=== Problem ===
Pictures excluded, reproduce exactly the lines below from the one with "Saint Laurent's Silver" through the one with "Near the culvert, Benson", both included.

(Given records)

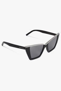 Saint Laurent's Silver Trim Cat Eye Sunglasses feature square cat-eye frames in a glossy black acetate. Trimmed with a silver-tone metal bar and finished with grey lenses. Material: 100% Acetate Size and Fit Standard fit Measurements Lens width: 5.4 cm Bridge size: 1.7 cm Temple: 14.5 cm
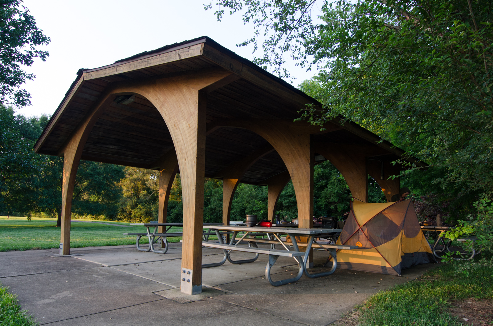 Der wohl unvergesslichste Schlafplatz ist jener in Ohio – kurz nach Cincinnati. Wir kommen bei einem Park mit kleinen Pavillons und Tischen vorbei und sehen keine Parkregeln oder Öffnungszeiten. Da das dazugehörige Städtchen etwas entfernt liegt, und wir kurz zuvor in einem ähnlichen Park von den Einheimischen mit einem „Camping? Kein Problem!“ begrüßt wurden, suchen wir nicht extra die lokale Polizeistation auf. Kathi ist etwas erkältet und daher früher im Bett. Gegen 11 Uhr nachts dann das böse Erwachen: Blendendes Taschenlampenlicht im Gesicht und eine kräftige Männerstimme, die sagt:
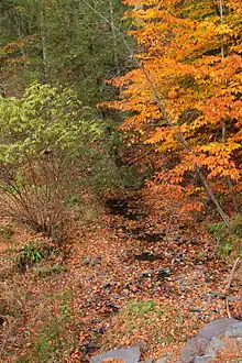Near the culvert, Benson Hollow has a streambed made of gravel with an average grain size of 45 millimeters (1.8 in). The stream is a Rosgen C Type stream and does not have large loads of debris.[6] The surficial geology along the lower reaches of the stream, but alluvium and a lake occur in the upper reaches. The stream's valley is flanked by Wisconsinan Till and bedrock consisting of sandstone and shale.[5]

(End Given records)
(Given records)

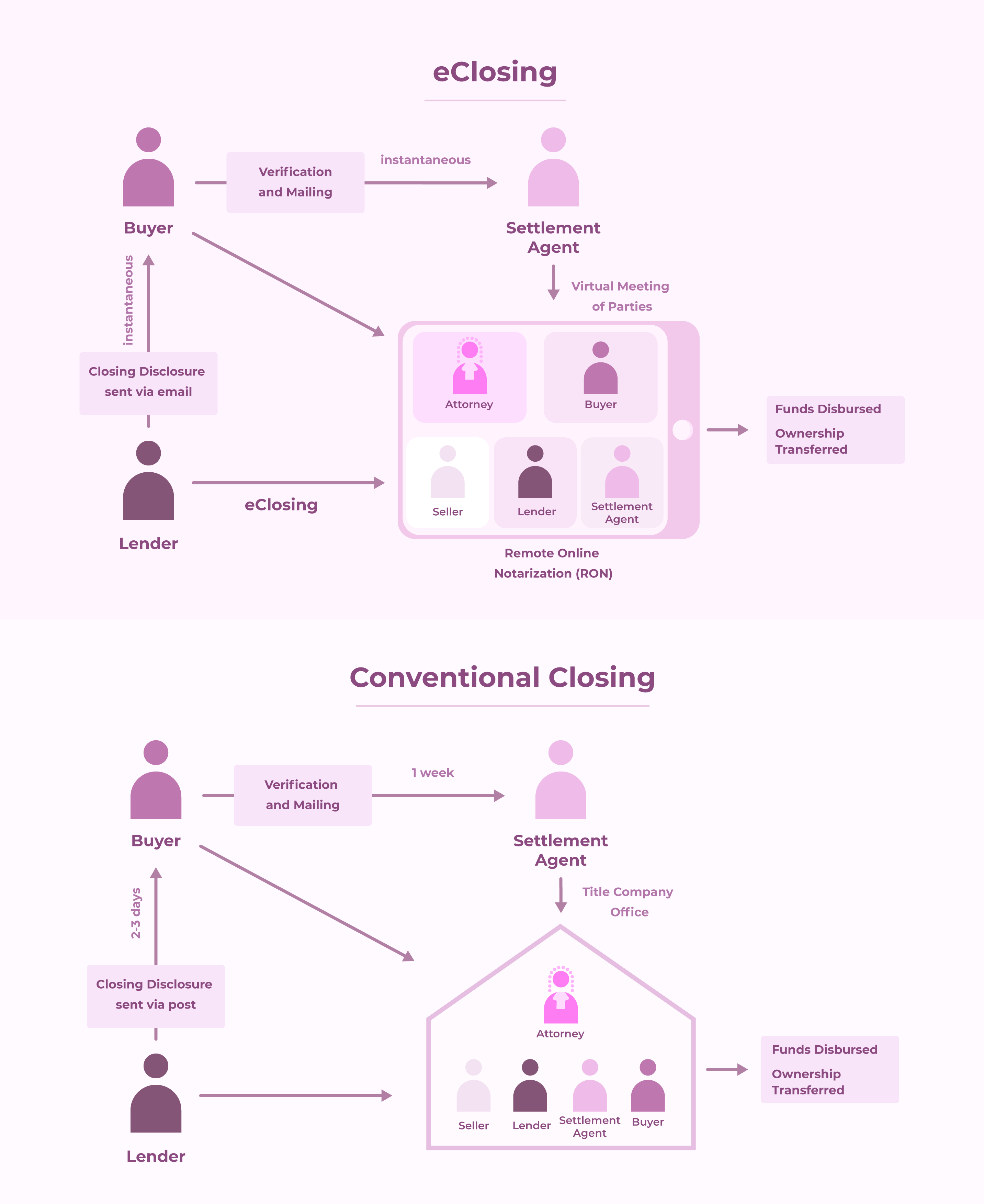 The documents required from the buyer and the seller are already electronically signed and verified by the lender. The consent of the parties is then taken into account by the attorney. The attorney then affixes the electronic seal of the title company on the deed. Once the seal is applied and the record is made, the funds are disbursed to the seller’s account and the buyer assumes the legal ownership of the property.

(End Given records)

=== Answer box ===
 Saint Laurent's Silver Trim Cat Eye Sunglasses feature square cat-eye frames in a glossy black acetate. Trimmed with a silver-tone metal bar and finished with grey lenses. Material: 100% Acetate Size and Fit Standard fit Measurements Lens width: 5.4 cm Bridge size: 1.7 cm Temple: 14.5 cm
 Der wohl unvergesslichste Schlafplatz ist jener in Ohio – kurz nach Cincinnati. Wir kommen bei einem Park mit kleinen Pavillons und Tischen vorbei und sehen keine Parkregeln oder Öffnungszeiten. Da das dazugehörige Städtchen etwas entfernt liegt, und wir kurz zuvor in einem ähnlichen Park von den Einheimischen mit einem „Camping? Kein Problem!“ begrüßt wurden, suchen wir nicht extra die lokale Polizeistation auf. Kathi ist etwas erkältet und daher früher im Bett. Gegen 11 Uhr nachts dann das böse Erwachen: Blendendes Taschenlampenlicht im Gesicht und eine kräftige Männerstimme, die sagt:
Near the culvert, Benson Hollow has a streambed made of gravel with an average grain size of 45 millimeters (1.8 in). The stream is a Rosgen C Type stream and does not have large loads of debris.[6] The surficial geology along the lower reaches of the stream, but alluvium and a lake occur in the upper reaches. The stream's valley is flanked by Wisconsinan Till and bedrock consisting of sandstone and shale.[5]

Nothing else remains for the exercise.